I’ve seen him make runs on three continents.

I remember his first test innings, and Arjuna tapping him in a sympathetic way after a shocking LBW.

I’d say I have seen a shitload (the technical term) of his runs.

So when I say I haven’t seen him bat worse than yesterday and make runs, it isn’t some rambling of a drunk with no short term memory, even if I am drunk and my memory is shit.

The first session was just horrible.

On twitter all I could was describe it with a shit joke, “I dated a girl once who had no thumbs, her pulling was still better than ponting’s.”

Ponting could not pull, and yet, in a twist that a movie of the week would love, he couldn’t stop.

Every pull shot was met with a weird part of his body or bat.

The Pakistanis thought it was funny, and they were right.

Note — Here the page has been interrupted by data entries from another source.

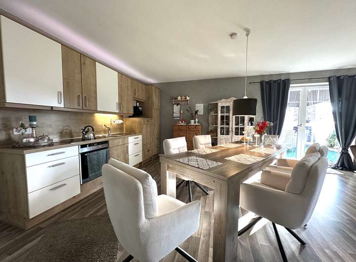Das zum Verkauf stehende Einfamilienhaus aus ca. 2014 präsentiert sich in einem sehr guten Zustand, das Ihnen die Möglichkeit schenkt, direkt einziehen zu können. Schon beim Betreten fällt die hohe Wohnqualität auf, die durch eine moderne Fußbodenheizung, hervorragend isolierte Außenwände und eine solide Bauausführung unterstrichen wird. Die extra breiten Türen und die begehbaren Duschen verleihen dem Haus nicht nur eine klare Großzügigkeit, sondern bieten zugleich ein hohes Maß an Komfort und Barrierefreiheit. Die Räume sind weitläufig gestaltet und ermöglichen eine individuelle Nutzung, ganz gleich ob für eine Familie, Paare oder Menschen mit besonderen Platzansprüchen.
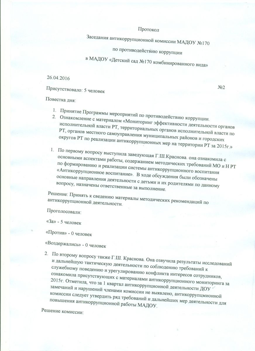 Протокол заседания антикоррупционной комиссии №2
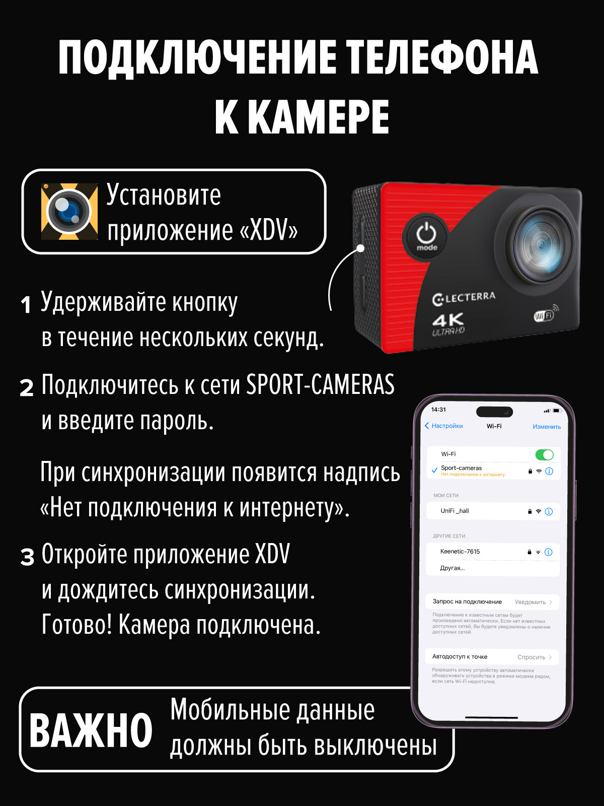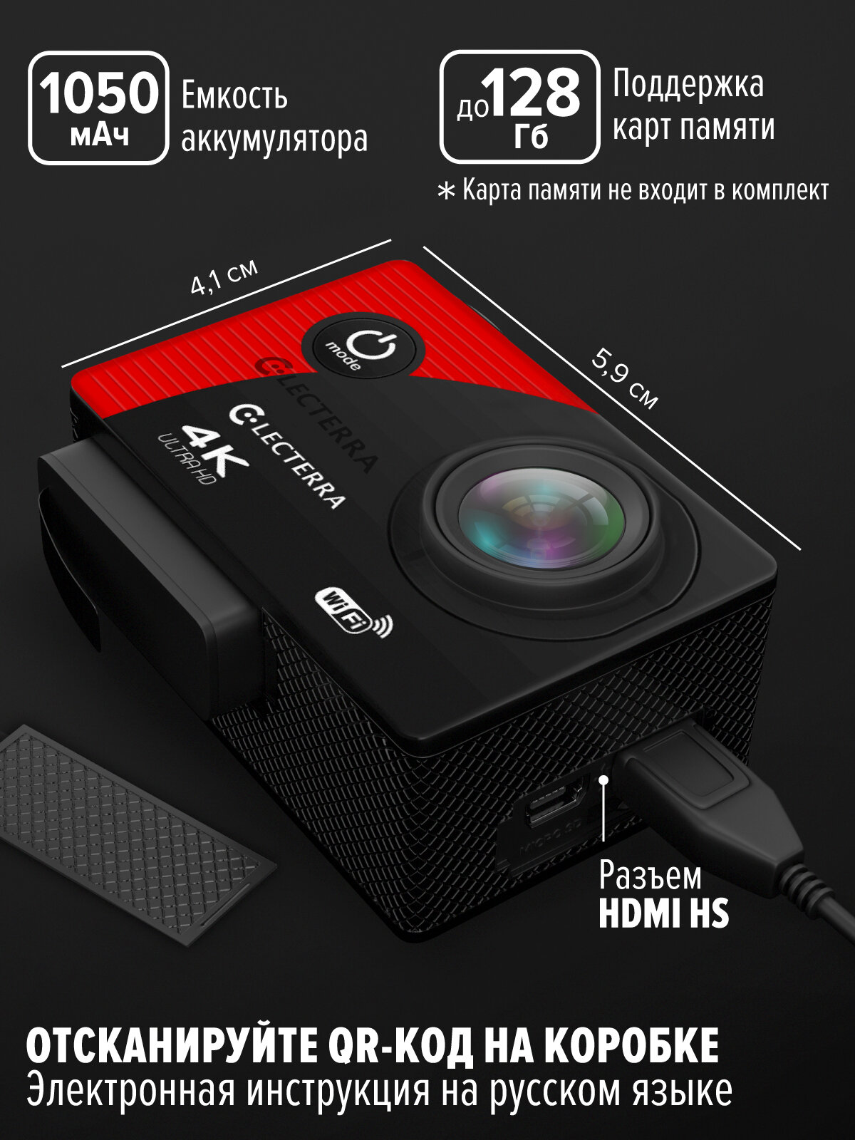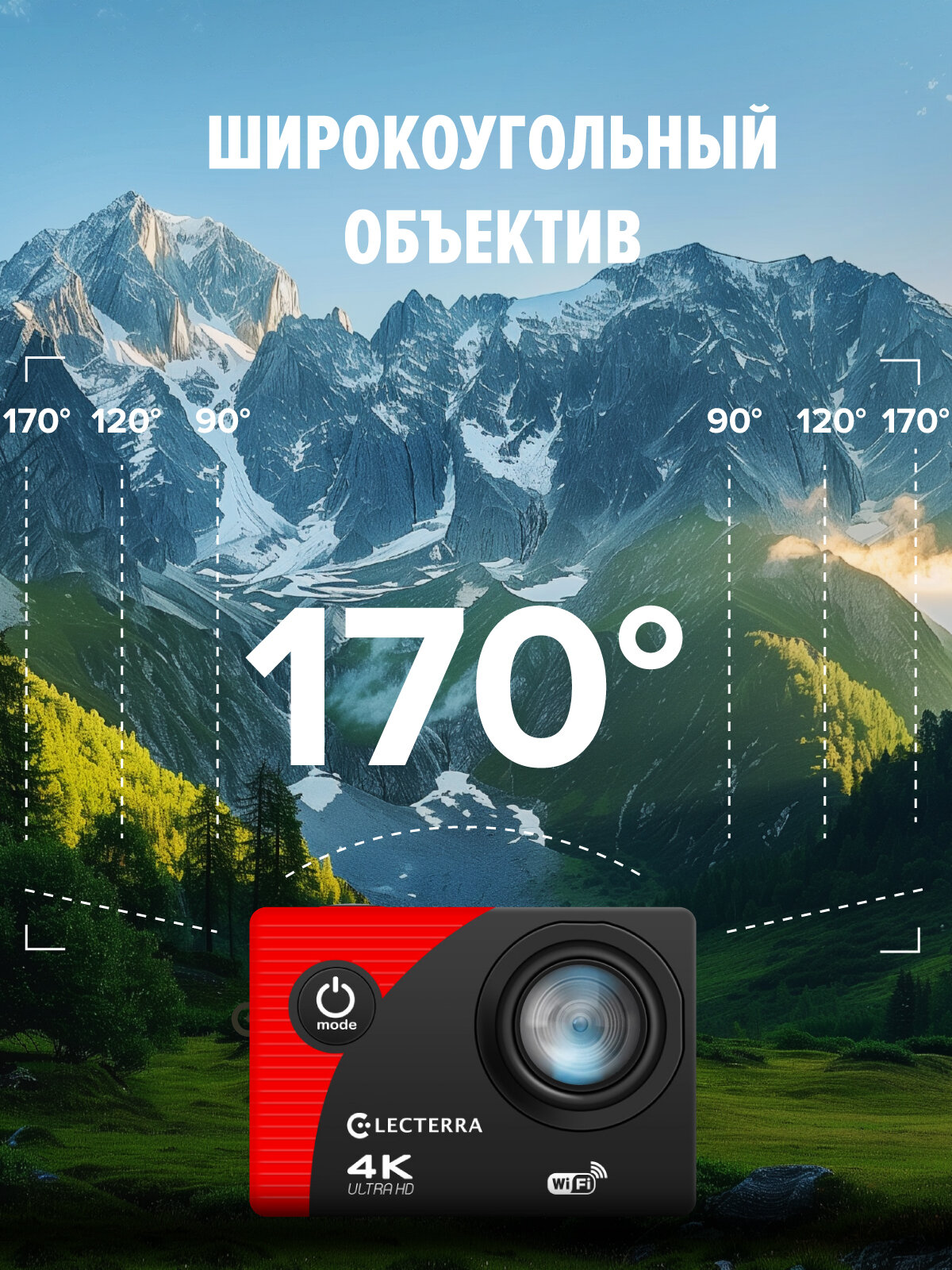 Экшн-камера Electerra 4K UHD с Wi-Fi. Экшен камера 4K для подводной съемки и активного отдыха
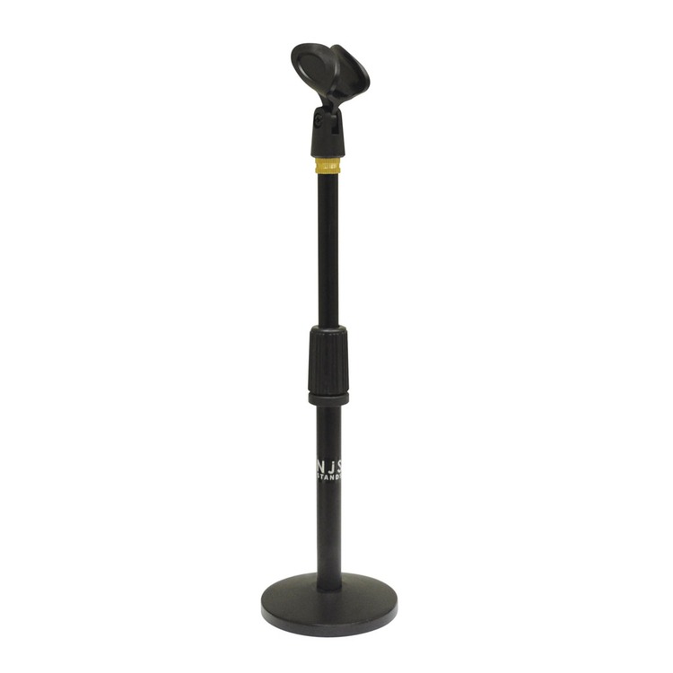 Height adjustable heavy cast base desk microphone stand, supplied with a microphone clip.
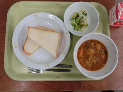 献立は「ジャムサンド、ハンガリアンシチュー、白菜とコーンのサラダ、牛乳」です。
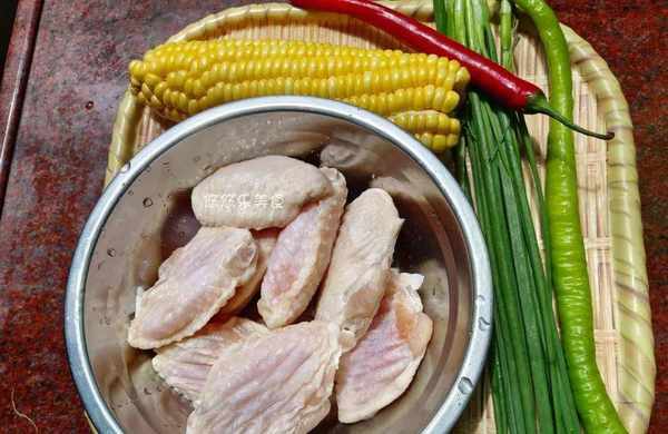 鸡翅,玉米,青红辣椒,小葱,食盐,鸡精,食用油
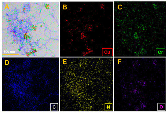 (A) STEM image of N-rGO-MWCNT/CuCrO2 composite and STEM-EDS spectra of (B) Cu, (C) Cr, (D) C, (E) N and (F) O.
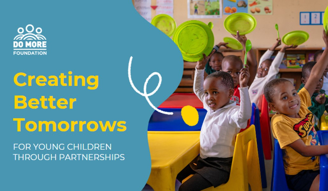The DO MORE FOUNDATION ignites collaboration to sustainably support the well-being of young children in under-served communities in South Africa. Through our national initiatives, we invite mission-aligned supporters to join us in delivering nutritious porridge, quality early learning resources and a one-of-kind parenting programme across the country. In our intensive community support initiatives, we bring together different spheres of government, non-profit organisations, academic institutions, businesses and local champions of change, to co-create environments that enable young children to flourish.
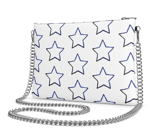 UNTITLED BOUTIQUE White and Blue Leather Star Crossbody Bag with Silver Chain - Limited Edition
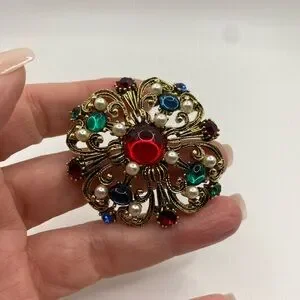 Gripoix Mogul Jewel Tone Style Gold Tone Faux Pearl Glass Rhinestone Pin Brooch Vintage
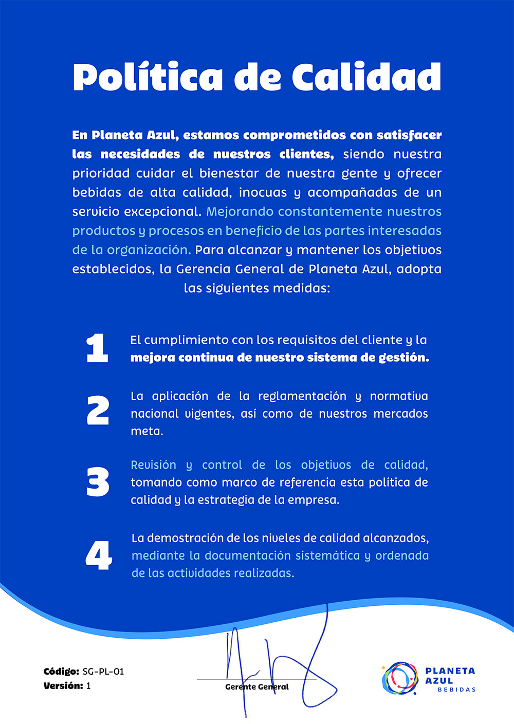 El Sistema de Gestión de la Calidad e Inocuidad que rige las operaciones de Planeta Azul como empresa alimenticia es auditado anualmente por el Instituto Dominicano para la Calidad (INDOCAL) y por la NSF Internacional, entidades que certifican nuestros productos y vigilan la seguridad alimenticia, avalando de manera sostenida el correcto funcionamiento de las operaciones, a través de buenas prácticas de manufactura (BPM) y el sistema de inocuidad HACCP. Mediante este sistema, Planeta Azul aborda la seguridad alimentaria desde un punto de vista global, ya que identifica, analiza y controla los peligros físicos, químicos y biológicos desde las materias primas, las distintas etapas del proceso de purificación, el embotellamiento, la distribución del producto y, por último, el consumo.
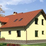 Опис проекту: Проект будинку красивий ззовні та не складний у будівництві на сім’ю із 4-5 осіб. на першому поверсі знайшли місце гараж на один автомобіль, з якого можна потрапити у будинок через паливну, є також санвузол, поруч кімната. Кухня продовжується їдальнею і переходить через напіввідкритий простір у вітальню з каміном. Далі – вихід на літню терасу. На мансардному поверсі три спальні кімнати, ванна кімната та пральня.
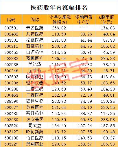 从单只股票来看,不含今年上市的新股,25只医药股年内累计涨幅翻倍,其中英科医疗、硕世生物、未名医药、奥翔药业、西藏药业位居涨幅榜前五位。涨幅最高的是英科医疗,年内累计上涨531.64%,同时暂夺A股涨幅榜冠军(不含今年上市的新股)。
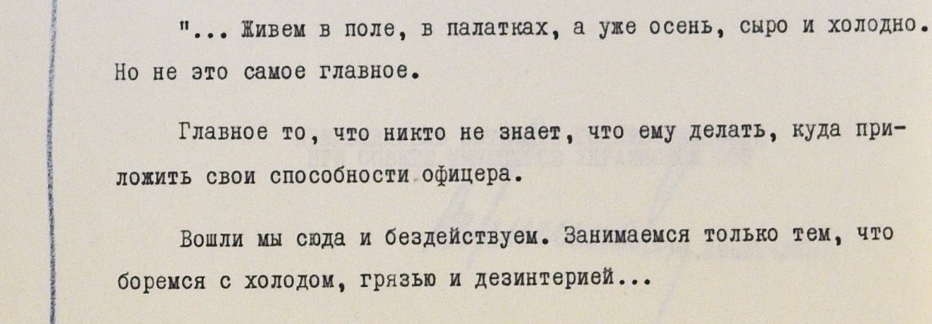 “Живем в поле, в палатках, а уже осень, сыро и холодно”, – жалуется один из офицеров. Но хуже – вынужденное безделье: никто не знает, чем ему заняться, куда приложить свои умения и навыки. По словам офицера, единственное занятие находящихся в ЧССР военных – борьба с холодом, грязью и дизентерией.
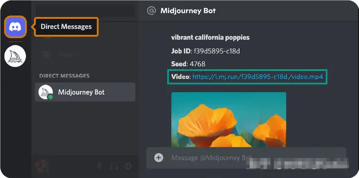 4 Midjourney 機(jī)器人會將視頻鏈接發(fā)送到您的直接消息。

But bloody Ricky wouldn’t give up, and somehow, without any logic involved, he ended up with his first hundred in 10 tests.

I’ve seen all of those tests, this was the worst he batted, only because he couldn’t have played worse.

I’ve said many a time that he isn’t the batsmen he used to be, but he is still one grumpy mother fucker.

The hairs on his goblin arms were at full attention for all of yesterday, and as we know, they contain special powers.

This wasn’t vintage Ricky, this was vinegar Ricky, but he still made it work.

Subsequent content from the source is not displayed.